Perfect storm in wild, wild Philippines
These last two weeks have been wild for Philippine politics.
First, there was the filing last Friday of the impeachment complaint against President Duterte by Representative Gary Alejano of the Magdalo party list. The timing was perfect, with Congress having just adjourned, surprising the Duterte administration and its supporters.
Second, there was news earlier in the week that Jude Sabio, the lawyer of Edgar Matobato, was set to fly to The Hague to file criminal charges against Duterte before the International Criminal Court. This development follows the release in February of special reports by Amnesty International and Human Rights Watch that exposed the human rights excesses of the Philippines’ war against drug users and pushers.
Third, the Supreme Court heard the oral arguments on the De Lima case last Tuesday, March 14, with another one scheduled Tuesday this coming week which theoretically can result in a Supreme Court decision ordering the release of the beleaguered senator.
Fourth, a video of Vice President Robredo lamenting the human rights situation in the Philippines, for an international conference done last February, was released last week, for which she was immediately attacked by prominent Duterte supporters. Reacting to the Magdalo complaint and this video statement of Robredo, Speaker Pantaleon Alvarez has accused the Vice President of being behind the impeachment charges, threatening Robredo with impeachment.
Fifth, in Bulacan, an event of major significance is unfolding as hundreds of urban poor have occupied housing units built by the National Housing Authority. The government has given the Bulacan occupiers a deadline this week to leave peacefully.
Sixth, and finally, news of China’s surveying of Benham Rise and their building monitoring stations in Scarborough Shoal surfaced also this week. The government’s response to these developments have unsettled many concerned Filipinos.
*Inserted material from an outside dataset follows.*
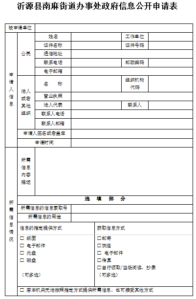 向本机关申请获取政府信息的,应当书面填写《南麻街道办事处信息公开申请表》。《申请表》可以在受理机构处领取,也可以在本机关网站上下载电子版,复制有效。
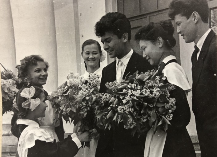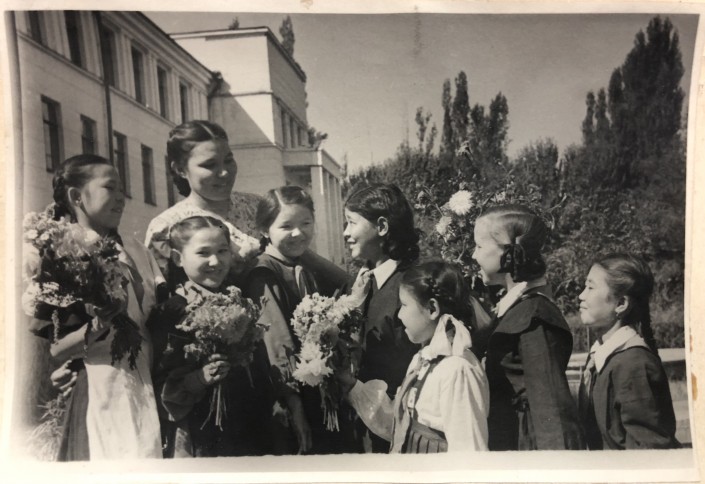 1960 год. Первоклассники школы № 28 Алма-Аты дарят цветы выпускникам. Здесь можно заметить, что изменилось "плечо" передника у ученицы младших классов. Похоже, что в этот период вошли в моду фартуки с широкими лямками в виде воланов. У парней-десятиклассников строгие классические пиджаки и галстуки.

In my view, none of these six events were planned to coincide with each other.
Conspiracy-minded people are an on overdrive finding the connections. But they will be disappointed because there is none. There is in particular no dilawan or yellow conspiracy here, no big destabilization plot against Duterte.
Nevertheless, we do have a combination of potentially explosive situations, with mostly unintended but serious consequences for the country. For our sake, we better understand what is happening and act collectively to avert the worst outcome. As has often been said, the Mandarin word for crisis means both danger and opportunity. I see more of the former than the latter until men and women of good will intervene decisively for the better outcome.
Magdalo impeachment case
First, I want to make it clear that I do not support the impeachment and the early removal from office of President Duterte.
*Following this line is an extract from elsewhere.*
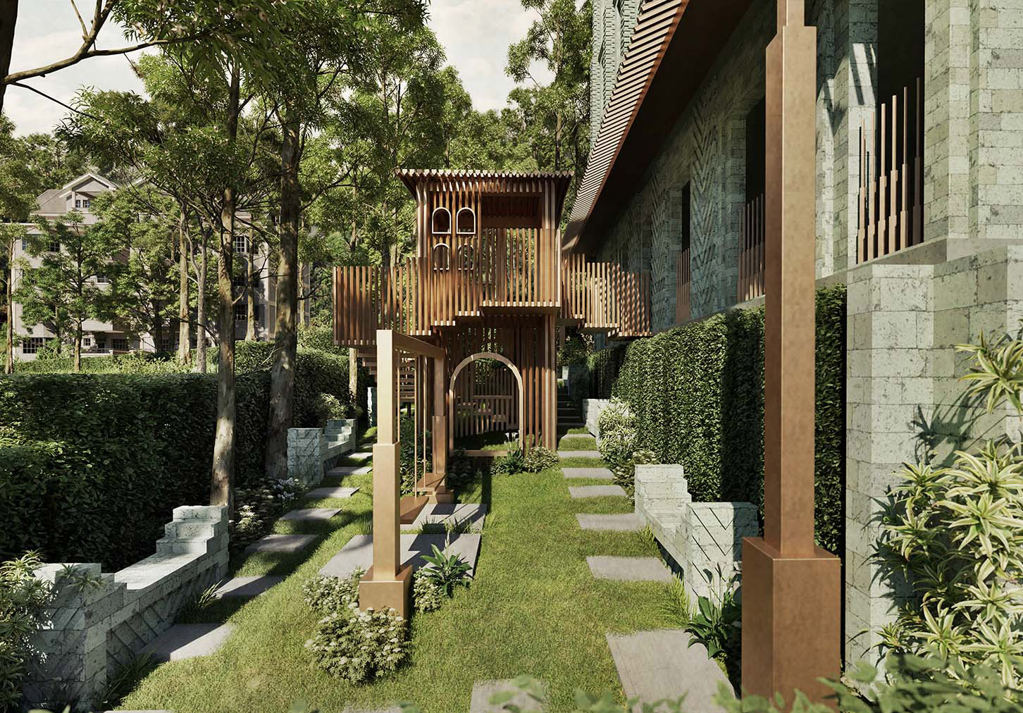 + Children's playground set within a small landscape garden with benches

As a Mindanawon, I want this first president from our island to succeed. I support this administration's good initiatives on peace, environment, social welfare, agrarian reform, transportation, tax reforms, inclusive development, etc. I oppose the human rights excesses of the war against drugs (the war itself I support if the strategy were modified) and the anti-democratic actions against opposition figures like Senator Leila De Lima and VP Robredo. I prefer that the President self-corrected rather than be ousted. I do not think it is too late for that.
I also oppose impeachment because it only increases corruption in government, since the President has to buy the loyalty of representatives and senators. Look at what happened during the GMA era and Corona's impeachment. Even Daang Matuwid became crooked in its obsession to oust the then Chief Justice. We are still paying a price for the arrogance of the powers-that-be at that time.
Second, I admire Representative Gary Alejano and have grown to appreciate Senator Trillanes. I did not support the coups against GMA and I did not like the unfair crusade against Binay which was just political and intended to diminish Binay's standing in the polls. But since then, Senator Trillanes has impressed me with his principled tenacity. Alejano, Trillanes, and their Magdalo colleagues are taking a lot of risks with this complaint. They should be praised for their courage and patriotism. I believe they mean well and their main purpose is to stop the massacre of the poor.
Third, there is no chance right now for impeachment against Duterte to succeed. But because our politicians, most of them at least, have no loyalties, the situation can change overnight. And we actually have three months before any voting happens in the House. A day is an eternity in politics, so we have several eternities to cross before this ends.
Finally, this is a win-win for Magdalo. If the impeachment proceeds, that would audacious indeed. If impeachment fails, it opens the door to the filing of a case in the International Criminal Court (ICC) case.
Do things properly
One condition for the latter is the lack of domestic accountability mechanisms. Dismissing an impeachment complaint without proper investigation and deliberation would constitute such a failure that this condition would not be met.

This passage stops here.